Most people spill out from an exciting, critically acclaimed Broadway show with great memories, a souvenir playbill and maybe, if they're lucky, an autograph from a star. My friend and colleague Nick Lammers came away with a little something more.
On Nov. 14, Nick, his wife, Ginny, and her mom were attending a splashy new theater production at New York's historic Cort Theatre. It was "Grace," starring Paul Rudd, Michael Shannon and Ed Asner. But that night, it could easily have been subtitled: "The Man Who Came to See a Broadway Play and Lost His Dinner -- Over the Edge of the Mezzanine and onto Several Audience Members, but Mostly Nick."
Everything's Coming Up Grossness
Oh, you haven't heard the delightful holiday tale? It's been splattered all over the Internet, so to speak. Just Google "Broadway" and "vomit" and you'll be knee-deep, so to speak, in jokes suggesting this eruptive emission from an elderly patron -- whether because of illness or alcohol -- was a caustic commentary on the performance, or that the man must have dined at Guy Fieri's much-maligned restaurant before the play.
Rudd's since been on Letterman, providing "The Top 10 Thoughts That Went Through Paul Rudd's Mind When an Audience Member Vomited at his Broadway Show," which included items such as, "Is there a janitor in the house?" and "I've never been a fan of audience participation." Hilarious!
Oh, yeah, um, unless you were Nick. I saw him Tuesday at work, where he's this newspaper's photo director. He's thoroughly clean now, but I gave him a wide berth anyway. He's able to laugh a little. Just a little.
"Trust me, there was nothing funny at the time," he muttered, in the sardonic tone of someone who was, well, recently awash in tossed cookies. "Plus, it was my birthday."
Yes, that's why the Oakland photographer was in New York in the first place, on a nice trip with Ginny and her mom for his 56th birthday celebration. They'd been having a terrific time, been to a couple of plays, watched a taping of Jimmy Fallon and the TV show with the odd combo of Kelly Ripa and Michael Strahan. On the day of "Grace," they'd lunched at Robert restaurant, then gotten all gussied up for their special evening out. The Cort is right on Broadway and holds about 1,000 people with a mezzanine and balcony. Nick and family had great seats in the orchestra.

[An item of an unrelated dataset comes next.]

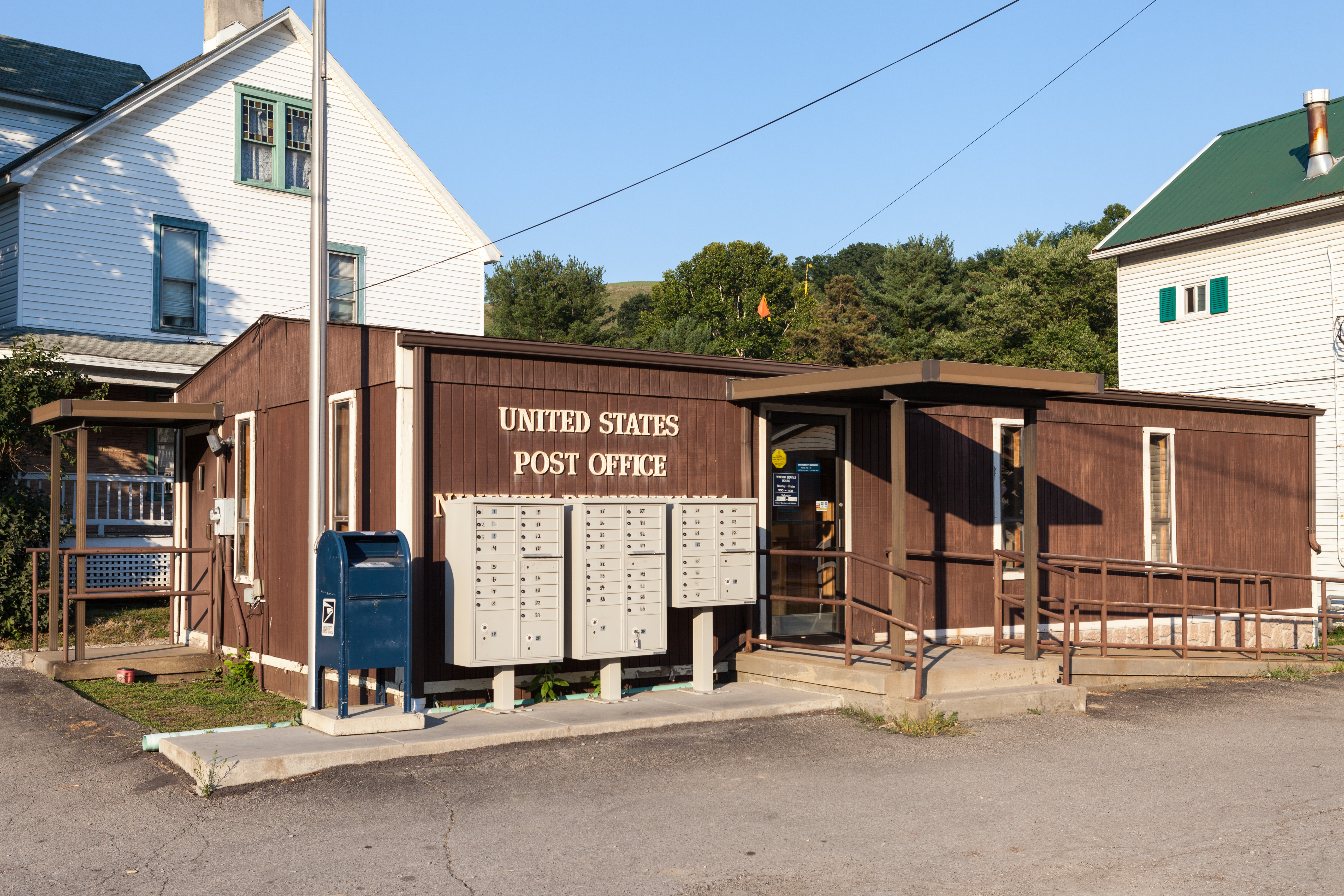 Post office at 1750 Browns Creek Road, Nineveh, Pennsylvania, located in Morris Township, Greene County, Pennsylvania.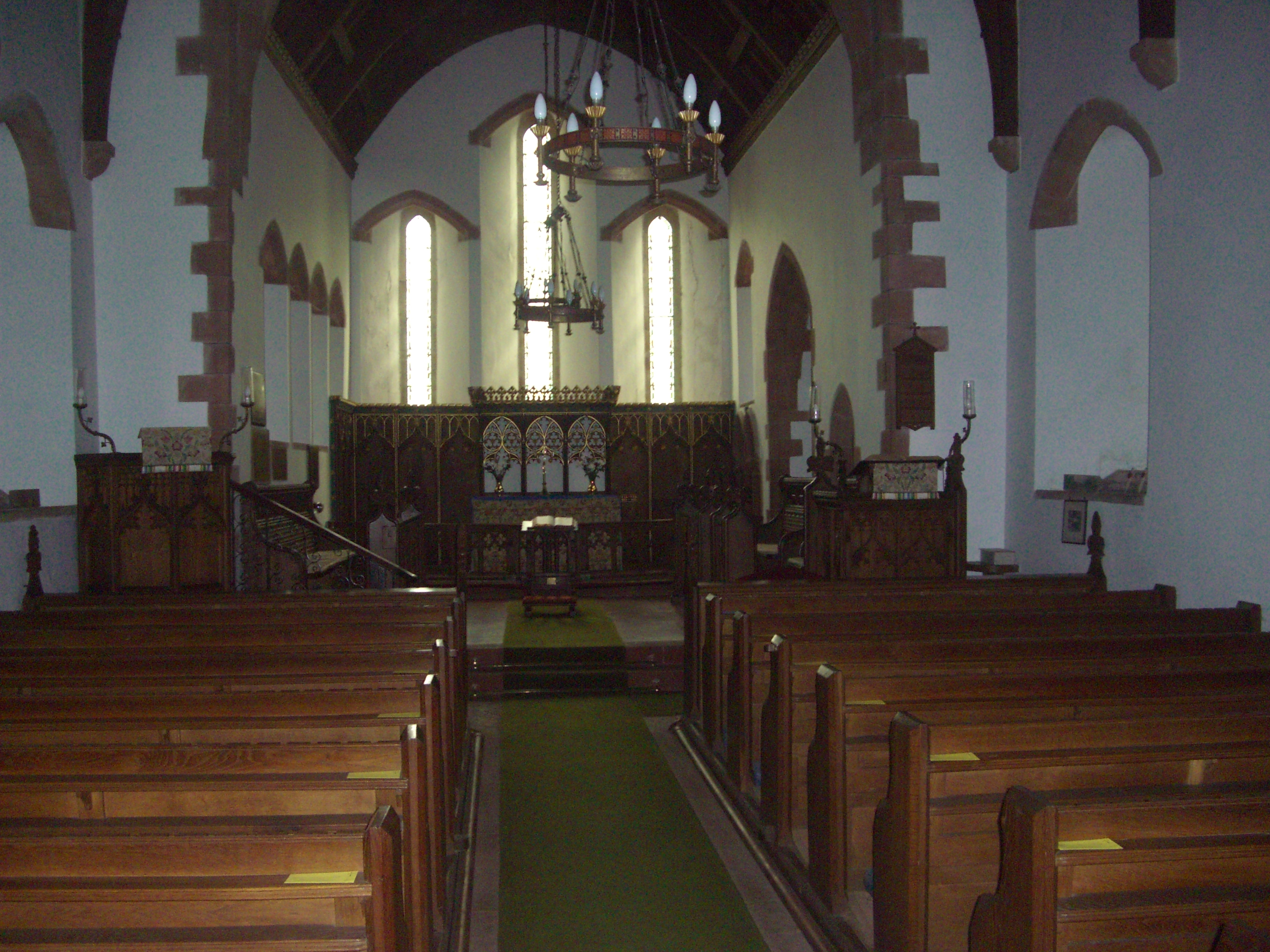 The interior of St Peter's church, Martindale, Cumbria, England

I Could Have Hurled All Night
The show began. It's about a Christian evangelist couple launching a chain of gospel hotels, and there's something to do with a German pest-control man and an agitated rocket scientist. Sounds like a comedy, but apparently it's a drama, a study of faith and love in cynical times.
About 20 minutes in, "I heard this cacophonous collective gasp from above, and then this ... this ... spluttering ..." Nick said, unable finish his sentence, merely shaking his head at the memory.
Basically, the "Top 10 Thoughts Going Through Nick's Mind When an Audience Member Vomited On Him" were: 10. Oh my gawd! 9. Oh my gawd! 8. Oh my gawd! 7. Oh my gawd! 6. Oh my gawd! 5. Oh my gawd! 4. Oh my gawd! 3. Oh my gawd! 2. Oh my gawd! And the No. 1 thought: Oh ... my ... gawd!
"It was in my hair, my glasses, my ears, my shirt, coat, pants -- everywhere. No one got it as bad as I did. I just stood there, I could not believe what was happening."
Nick and the Amazing Technicolor Slime Coat
The play's the thing, not the vomit, so the show went on, and Nick and two other male victims somehow made it to the men's room. He took his shirt off and tried washing it in the sink to no avail, tried washing his hair under the faucet, to no avail. A couple of theater workers brought more towels. The owner offered to pay for his dry cleaning. Someone went to the wardrobe room and got him a red plaid flannel shirt -- perhaps worn by a Broadway star? -- so he could at least go outside.
Ginny and her mom were having their own fun in the ladies' room, where they ran out of towels. Ginny had removed her blouse and was standing in her undergarments. A Cort worker stripped a T-shirt (it read "Grace: Have Faith and a Backup Plan") off a mannequin in the lobby and thrust it at her, promising ticket vouchers in the mail while rushing them all into a cab. It was raining.
Gonna Wash that Man's Vomit Right Outta my Hair
Redolent with regurgitation, they rode back to the hotel and all "vigorously" showered for about an hour, the kind of cleansing like in the movies where someone's been violated in some way and the person showers in fetal position, shuddering under near-scalding water.
If nothing else, Nick will remember this birthday. "The play looked pretty good. I'd like to see it someday," he said. "Fortunately, it starts with the ending, so at least I know what happens."